Выбрать главу

Граница между живым и неживым, обозначенная в природе пленкою — а формы внеклеточной субстанции нам неизвестны, — преодолима для материи и энергии. Проникая внутрь клеток, они включаются в процесс развития жизни и обретают свойства, присущие жизни. Будучи удалены за пределы клетки, они теряют эти свойства, снова становятся мертвыми. Внутри неживой материи — хотя один раз это все же случилось — жизнь на Земле не возникает. Поэтому Кецалькоатль не мог оживить скелет иначе, как только приняв его в себя. — И единственно возможная форма «воскрешения» есть частичное возвращение отмершей и уже неорганической материи в живые организмы.

Понимая это, создатель рисунка в двух мистических фигурах показал Жизнь и Смерть, снабдив их тем единственным, что их объединяет, — генами: только они до сих пор позволяли неживой материи в определенном химическом состоянии переходить в живое.

И у Кецалькоатля и у Миктлантекутли бедра украшены удваивающимися лентами, которые помечены узкой и широкой полосками, и то же — на жезлах, которые держат боги.

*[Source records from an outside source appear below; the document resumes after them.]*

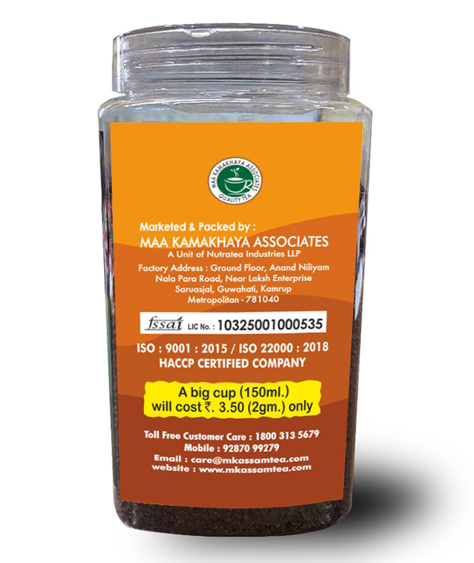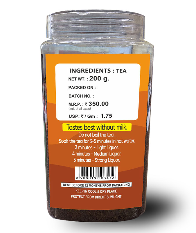 | Type of Tea (CTC/Blend/Orthodox/Darjeeling/Green/Elaichi) | Premium Leaf Blend |
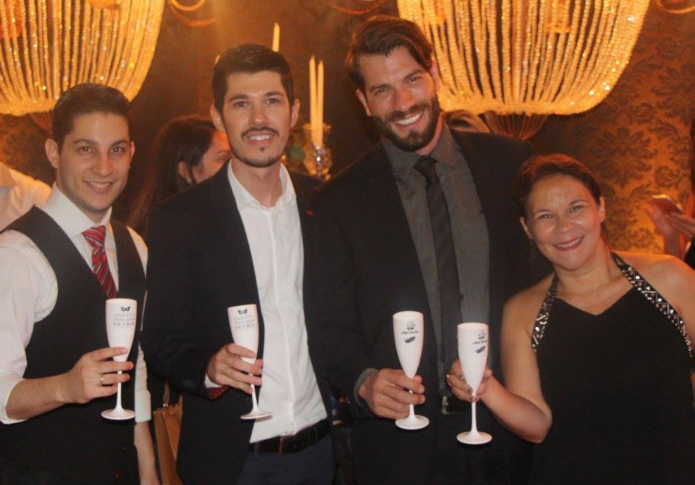 caracterizados pelo casal central do filme que serviram espumante aos convidados.
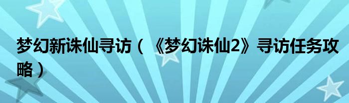 梦幻新诛仙寻访(《梦幻诛仙2》寻访任务攻略)
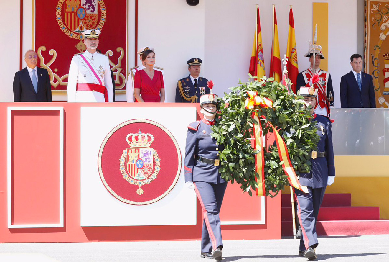 Posteriormente se han realizado el acto solemne de izado y homenaje a la Bandera y el homenaje a los que dieron su vida por España, en el que S.M. el Rey depositó una corona de laurel a los pies del mástil donde se había izado la enseña.
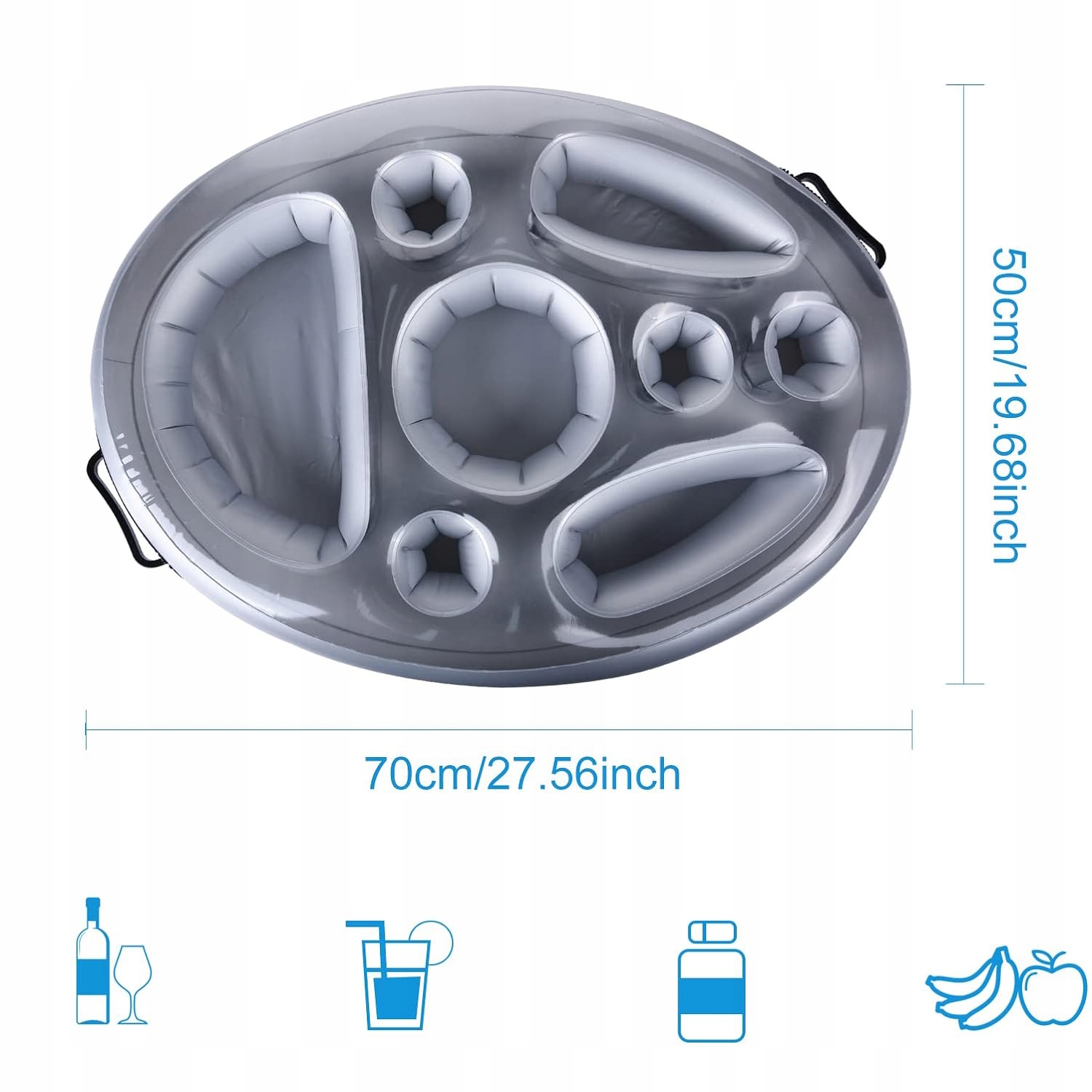 ПЛАВАЮЩИЙ НАДУВНОЙ СТОЛ ДЛЯ БАССЕЙНА ДЖАКУЗИ-БАР НАПИТКИ НАПИТКИ ЗАКУСКИ ИЛИ ТЕЛЕФОН С 8 ОТВЕРСТИЯМИ СЕРЕБРЯНЫЙ
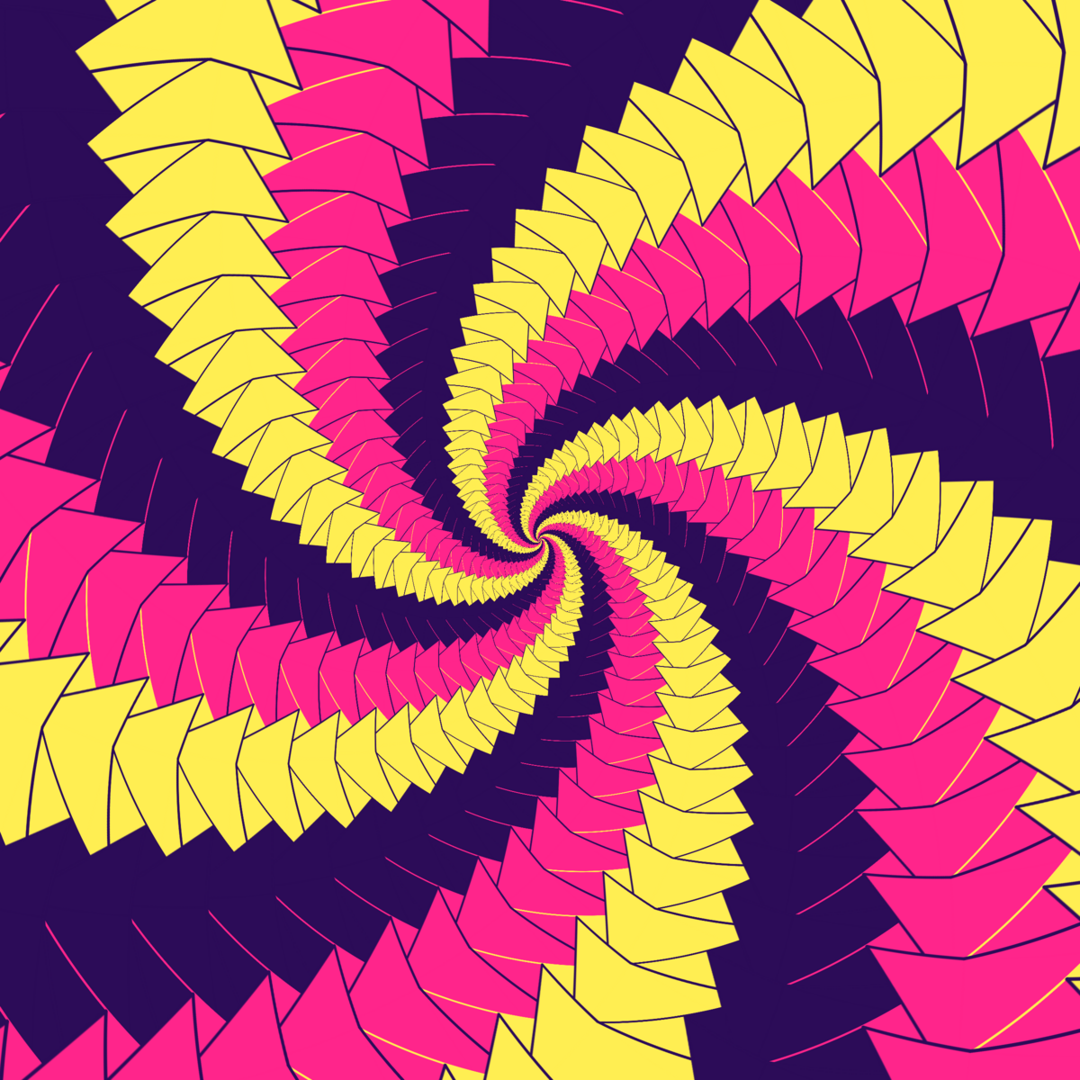 Escher-style tiling of a plane, gone wrong. Each image spins hash-driven colors, shapes, and symmetries into infinity. Fly through the spiral as it morphs between beauty and madness. Keys: F = Fly through/back, D = Distort on/off, Esc = Stop, S = Save image.
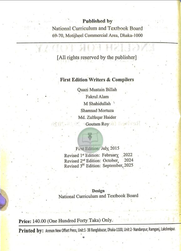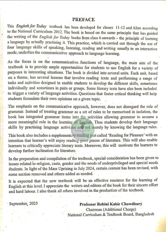 This English for Today textbook has been developed for classes 11-12 and Alim according to the National Curriculum 2012. The book is based on the same principle that has guided the writing of the English for Today books from class 6 onwards the principle of learning a language by actually practising it. This practice, which is carried out through the use of four language skills of speaking, listening, reading and writing usually in an interactive mode, underlies the communicative approach to language learning.
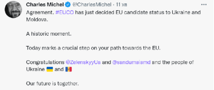 Угода. Європейська рада щойно вирішила надати статус кандидата в ЄС для України та Молдови. Історичний момент. Сьогодні вирішальний крок на вашому шляху до ЄС. Вітаємо Володимир Зеленський та Майя Санду і народ України і Молдови. Наше майбутнє разом.
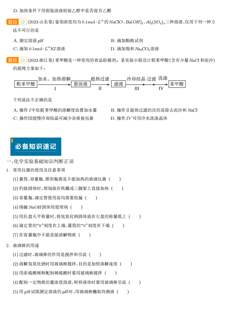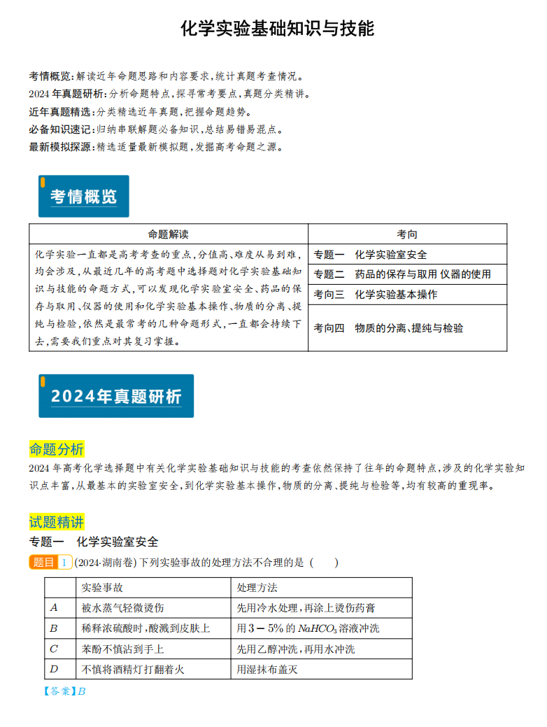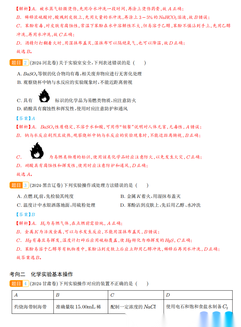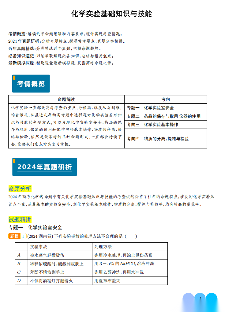 【高考化学】【化学实验】化学实验基础知识与技能 学生版+解析版(完整版)

Боги срослись спинами, как сиамские близнецы, поскольку один другому органически необходимы. Мертвый может частично жить только в теле живого. Живой не может жить, если не питается частично веществом мертвого. Оба произошли от одной материи — вещества, перетекающего в обе стороны: по сторону смерти оно рассеянно, по сторону жизни — соединено в недолговечное существо, хрупкую структуру, которая быстро рассыпается и снова опадает в Миктлан…

Я считал, что все, что мне до сих пор удалось прочесть в древних рисованных книгах, должно здорово помочь пониманию пока неясной символики других памятников Мексики. Поэтому я не мог воспротивиться искушению приступить к толкованию одной из известнейших ацтекских каменных скульптур того времени (см. фото 10): Матери Богов и Людей, — Госпожи Звезд и Луны — богини

КОАТЛИКЕ,

одетой в юбочку из змей… Она производит на нынешнего зрителя тяжелое впечатление. Я убедился в этом, наблюдая в Национальном музее в Мехико, с каким изумлением, беспокойством, неприязнью и даже отвращением взирают на эту скульптуру пришельцы из разных стран мира, как они пытаются понять, зачем и почему столь нравственно прекрасное — мать и богиня — представлено скопищем конвульсивно извивающихся змей, клыков, когтей, черепов; как спустя несколько мгновений, неприятно пораженные, они бредут дальше.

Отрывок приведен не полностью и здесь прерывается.